Страница 38 из 132
— Мама, что это?
— Это — Слава.
Он хотел спросить, почему слава, но отдумал: лучше потом, а то придется много раз переспрашивать, и мама все будет отвечать «да», «нет», думая о своем, а потом рассердится, и ему попадет.
С мячом в руке он стоял и внимательно смотрел на Славу; у нее были толстые ноги и пальцы на ногах с отлупившимися ногтями.
Прошел год, и мама взяла его на концерт двенадцатилетнего дирижера Вилли Ферреро в Дворянском собрании. Оказалось, что Дворянское собрание — это просто большой зал, в котором рядами стояли стулья, штук тысяча; он начал считать и сбился. На стульях сидели люди, простые, как они с мамой, и военные, которые, конечно, тоже были люди, но особенные. Недавно он узнал, что они здороваются с простыми и ходят к ним в гости. Другие, с маленькими лирами на груди, быстро ходили между рядами и говорили: «Программ, программ». В дверях они стояли кучками, и это было немного похоже на дворянское собрание, как он представлял себе это слово.
Музыканты уже собрались, стол, покрытый бархатной скатертью, стоял перед ними. Вдруг мальчишка выбежал и взобрался на стол. В руках у него была палочка. Он постучал по пюпитру и повелительно кивнул головой.

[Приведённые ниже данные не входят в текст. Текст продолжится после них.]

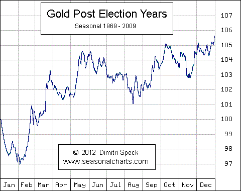 We have just went through an interesting seasonal period for financial markets – the US election. While the US stock markets almost always tends to rally into an election period, Precious Metals tend to decline. More importantly, the post election period tends to be one of seasonal strength for the Precious Metals sector, as seen in the chart above. Usually, some type of an intermediate low occurs at the beginning of February and the current technical triangle could be a perfect catalyst for a price rally.

Коля не слушал. Мама играла каждый день, музыка ему надоела. Но этот мальчик, сердитый и быстрый, поразил его. Он махал палочкой, и все на него смотрели. Он был бледный, с надутыми, капризными губами, и волосы, как у девчонки, курчавые и очень большие. Музыканты перестали играть, он поклонился, смело и равнодушно.
Потом, когда концерт окончился, они стояли у подъезда Дворянского собрания. Было холодно, извозчики хлопали себя по коленям и подпрыгивали на козлах. Снег блестел, маленькая луна была видна между музеем и Михайловским театром. Все говорили о Вилли Ферреро, Двенадцать лет!
И вот он вышел: полный мужчина в шубе и цилиндре вел его за руку. Все бросились к ним. Студенты подхватили мальчика и понесли в гостиницу на руках. «Assez, доволно, доволно», — говорил мужчина. Сани ехали рядом…
Нет, слава — это была вовсе не та голая дама в Летнем саду, лупоглазая, похожая на крестную Веру! Слава — это цветы, которые летели на сцену, гул, топот, крики и то, что половина зрителей ждала этого мальчика, несмотря на двадцатиградусный мороз, и то, что его несли на руках, а сани ехали рядом.
Вечером, лежа в постели, он вдруг представил себя на месте Вилли Ферреро: отец в шубе и цилиндре выходит с ним из подъезда Дворянского собрания. Все кричат. Его несут на руках. Отец идет за ним и говорит по-французски.
С тех пор он не раз воображал себя на месте людей знаменитых; но он знал, что это просто игра, вроде детских: «в доктора», «в дочки-матери», И вот оказалось, что это уже не игра.
История загадочной пушкинской рукописи распространилась. Не прошло и двух недель, как Трубачевский был приглашен в Пушкинский дом прочитать доклад о своем открытии. Большой зал на втором этаже был полон, в то время как на обычные доклады являлось едва ли больше десяти — пятнадцати человек. Однокурсники пришли в полном составе, но были здесь и почтенные ученые, всю жизнь занимавшиеся изучением пушкинских бумаг. Щепкин сидел в первом ряду, одетый торжественно, но грязно; черный сюртук его лоснился, высокий воротничок с отогнутыми уголками был измят, галстук повязан криво.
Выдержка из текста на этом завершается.